[[ Dataset entries, beginning ]]

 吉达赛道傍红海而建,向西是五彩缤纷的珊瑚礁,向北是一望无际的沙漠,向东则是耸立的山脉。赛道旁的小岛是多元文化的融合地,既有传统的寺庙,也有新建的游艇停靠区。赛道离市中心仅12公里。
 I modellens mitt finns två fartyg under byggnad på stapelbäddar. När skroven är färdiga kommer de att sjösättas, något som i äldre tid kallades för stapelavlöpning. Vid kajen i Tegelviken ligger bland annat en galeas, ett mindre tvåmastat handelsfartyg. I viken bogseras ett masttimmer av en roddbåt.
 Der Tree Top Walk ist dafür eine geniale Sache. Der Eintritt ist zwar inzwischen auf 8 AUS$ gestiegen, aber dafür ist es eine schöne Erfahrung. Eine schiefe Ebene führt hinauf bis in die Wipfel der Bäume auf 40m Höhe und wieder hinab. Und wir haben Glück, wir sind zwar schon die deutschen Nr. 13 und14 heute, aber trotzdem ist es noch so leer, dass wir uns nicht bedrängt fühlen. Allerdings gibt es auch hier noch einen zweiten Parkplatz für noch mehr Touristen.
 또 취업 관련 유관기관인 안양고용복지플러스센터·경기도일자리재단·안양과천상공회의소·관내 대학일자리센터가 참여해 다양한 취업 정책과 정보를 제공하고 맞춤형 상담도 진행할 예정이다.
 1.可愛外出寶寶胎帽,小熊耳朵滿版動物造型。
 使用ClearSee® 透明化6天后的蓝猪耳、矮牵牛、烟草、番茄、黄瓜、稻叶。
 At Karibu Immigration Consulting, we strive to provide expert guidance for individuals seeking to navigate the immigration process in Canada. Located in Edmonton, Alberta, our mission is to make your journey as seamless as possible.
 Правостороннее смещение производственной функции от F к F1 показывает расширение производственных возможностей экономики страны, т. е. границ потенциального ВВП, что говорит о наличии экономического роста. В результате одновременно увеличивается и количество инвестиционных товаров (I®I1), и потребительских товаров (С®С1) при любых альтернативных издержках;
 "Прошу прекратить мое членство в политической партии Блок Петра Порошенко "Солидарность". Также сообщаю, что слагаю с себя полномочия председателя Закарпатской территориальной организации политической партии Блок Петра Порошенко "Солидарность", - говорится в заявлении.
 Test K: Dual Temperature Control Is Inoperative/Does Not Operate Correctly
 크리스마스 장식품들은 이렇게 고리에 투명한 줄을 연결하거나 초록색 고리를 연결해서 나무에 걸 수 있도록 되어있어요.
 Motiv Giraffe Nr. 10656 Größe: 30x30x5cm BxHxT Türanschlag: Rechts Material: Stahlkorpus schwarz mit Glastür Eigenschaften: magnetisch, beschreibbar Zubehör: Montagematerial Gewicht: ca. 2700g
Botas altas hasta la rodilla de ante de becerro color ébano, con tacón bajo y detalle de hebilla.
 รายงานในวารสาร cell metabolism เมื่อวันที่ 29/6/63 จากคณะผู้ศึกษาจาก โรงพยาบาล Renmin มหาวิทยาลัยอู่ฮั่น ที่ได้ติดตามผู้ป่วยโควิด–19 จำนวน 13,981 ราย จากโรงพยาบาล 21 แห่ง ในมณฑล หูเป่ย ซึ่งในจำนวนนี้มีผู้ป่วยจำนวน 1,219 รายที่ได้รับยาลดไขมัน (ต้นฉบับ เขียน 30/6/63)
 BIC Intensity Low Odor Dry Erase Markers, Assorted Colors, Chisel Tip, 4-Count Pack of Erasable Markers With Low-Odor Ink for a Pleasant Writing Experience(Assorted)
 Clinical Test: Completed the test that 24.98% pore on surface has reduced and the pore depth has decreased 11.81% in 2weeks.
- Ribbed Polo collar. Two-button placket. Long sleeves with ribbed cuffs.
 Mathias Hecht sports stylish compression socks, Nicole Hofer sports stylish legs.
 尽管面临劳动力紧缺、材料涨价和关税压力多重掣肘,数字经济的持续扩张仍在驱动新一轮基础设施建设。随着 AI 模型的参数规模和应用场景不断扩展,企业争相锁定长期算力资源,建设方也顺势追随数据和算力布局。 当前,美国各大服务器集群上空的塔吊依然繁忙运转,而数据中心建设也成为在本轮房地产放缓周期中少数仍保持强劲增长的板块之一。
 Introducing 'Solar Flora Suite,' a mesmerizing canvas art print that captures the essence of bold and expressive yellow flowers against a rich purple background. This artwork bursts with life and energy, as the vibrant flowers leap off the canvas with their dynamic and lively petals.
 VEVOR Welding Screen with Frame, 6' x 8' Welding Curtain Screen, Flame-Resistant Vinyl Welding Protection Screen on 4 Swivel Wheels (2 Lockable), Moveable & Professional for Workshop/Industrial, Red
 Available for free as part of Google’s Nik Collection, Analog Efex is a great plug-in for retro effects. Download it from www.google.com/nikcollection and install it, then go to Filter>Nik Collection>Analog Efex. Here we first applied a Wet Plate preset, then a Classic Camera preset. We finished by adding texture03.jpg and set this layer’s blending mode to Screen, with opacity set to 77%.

[[ Dataset entries, end ]]

- _Exercise instructions_: Pull every line containing "Screen" out of the data above.

- _Result of the exercise_:
 VEVOR Welding Screen with Frame, 6' x 8' Welding Curtain Screen, Flame-Resistant Vinyl Welding Protection Screen on 4 Swivel Wheels (2 Lockable), Moveable & Professional for Workshop/Industrial, Red
 Available for free as part of Google’s Nik Collection, Analog Efex is a great plug-in for retro effects. Download it from www.google.com/nikcollection and install it, then go to Filter>Nik Collection>Analog Efex. Here we first applied a Wet Plate preset, then a Classic Camera preset. We finished by adding texture03.jpg and set this layer’s blending mode to Screen, with opacity set to 77%.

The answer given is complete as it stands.